Even for a genre where boasting is like breathing, 2013 was an especially egomaniacal year in hip hop – whether it was thrillingly unstable, moody and defensive, reeking of flop sweat, or recorded while waiting for the yacht cable guy. But nobody explored the depths of their own awesomeness with the level of measured cool achieved by Pusha T, whose first official solo record completely delivers on the audacious yet matter-of-fact confidence of its title. It’s a feat even more impressive when you consider the pressure to perform – years into his solo career after the demise of Clipse, Pusha T had put out a mixtape and an EP, and landed some prominent guest verses, but hadn’t really proven he could carry a record. While hip hop is friendlier to its elder statesmen than it used to be, a bust from Push here would’ve been a killer. Not that he sounds concerned in the least over the raw industrial clatter of “Numbers On the Boards,” where he lays claim to “36 years of doin’ dirt like it’s Earth Day,” his gruff, laconic flow selling the hardest beat of the year, illustrating the grime and glory of the drug game in a way that’s both romantic and weathered from experience. Even with the murderer’s row of talent producing him (Kanye West, Pharrell Williams, The-Dream, etc.) and a top-form guest spot from the seemingly unstoppable Kendrick Lamar, Pusha T dominates with a steady hand, like the lone survivor in a deal gone wrong.

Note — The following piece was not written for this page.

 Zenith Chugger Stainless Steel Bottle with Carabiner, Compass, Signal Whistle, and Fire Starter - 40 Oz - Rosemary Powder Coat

Matangi10. M.I.A. – Matangi

It’s always been tough to accept the plight of the wealthy celebrity – “heavy lies the crown” makes more sense when applied to presidents than, say, Super Bowl halftime show performers. But ever since making an indelible, kaleidoscopic imprint on the world of popular music with her 2007 album Kala, M.I.A. has been in active rebellion against the idea of being a pop star, and it has been as compelling as any artistic evolution this millennium. On Matangi, her fourth record, the English/Sri Lankan singer, rapper, songwriter and noise wrangler remains in distress about her position of influence, exhorting her listeners to both dance and revolt over squalls of mechanized drumming. And while no song avoids these thrilling, dissonant bursts, M.I.A. does gives those pop sensibilities more room to breathe than she did on her last record, 2011’s cold, tangled, underrated Maya. Sensibilities that are most evident on “Come Walk With Me,” which pairs a sunny, it-takes-two philosophy with an endlessly hummable chorus, giving us enough time to appreciate those incomparable summer jam chops before the sledgehammer drums shatter our reverie. The crown remains heavy, but M.I.A. has come up with a surefire way to deal with it – make sure her records are even heavier.

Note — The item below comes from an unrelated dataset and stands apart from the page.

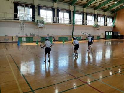 フラフープを転がしたり
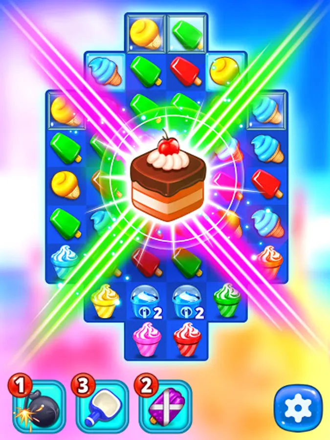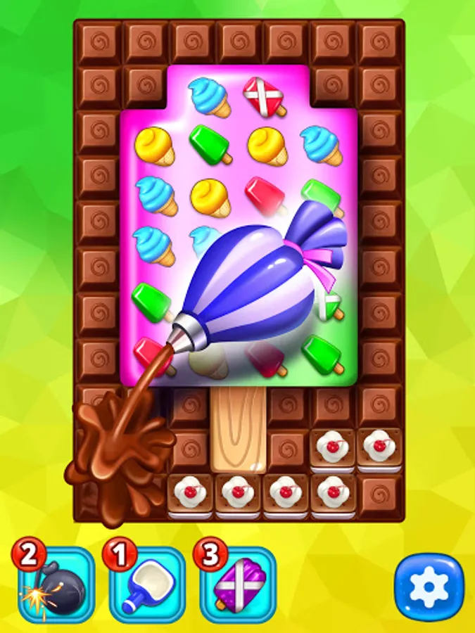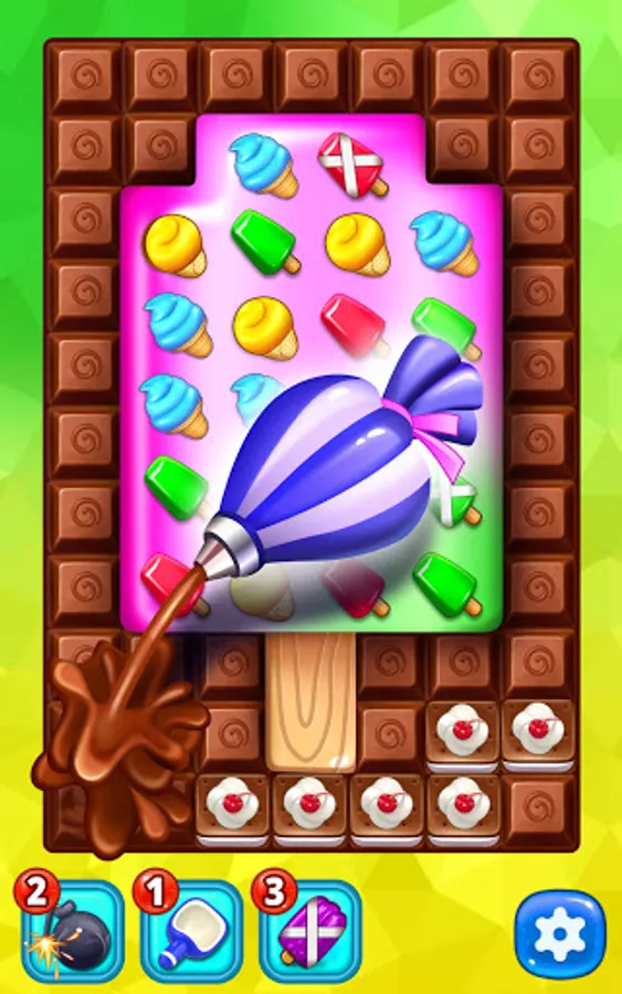 - Solve match-3 puzzles to remove cookies, ice cream, and candy from the screen.

Muchacho9. Phosphorescent – Muchacho

Matthew Houck’s albums have always been delicate affairs, perfect for the emotional rollercoaster one goes through while nursing a hangover – confusion, regret, inexplicable elation, then regret again. So it’s quite fitting that his sixth album as Phosphorescent was inspired by a recent lonely, heartsick period in Mexico, where an exhausted Houck mourned the loss of his NYC studio (which had to be moved thanks to re-zoning) and the demise of a relationship. But this time around, the singer/songwriter is just as interested in the party that happens before the pity-party, resulting in the most robust production of his career – in between the fragile, spiritual beauty of the record’s sunrise/sunset bookends, Muchacho contains pedal-steel swathed country strolls, a ragged, swirling Neil Young-ish opus, and 1980s adult contemporary synths. Like all Phosphorescent records, it’s all threaded together by the distinctly earnest, about-to-crack nature of Houck’s voice, which can make a line like “I’ll fix myself up, to come and be with you” sound like the rawest, most solemn promise.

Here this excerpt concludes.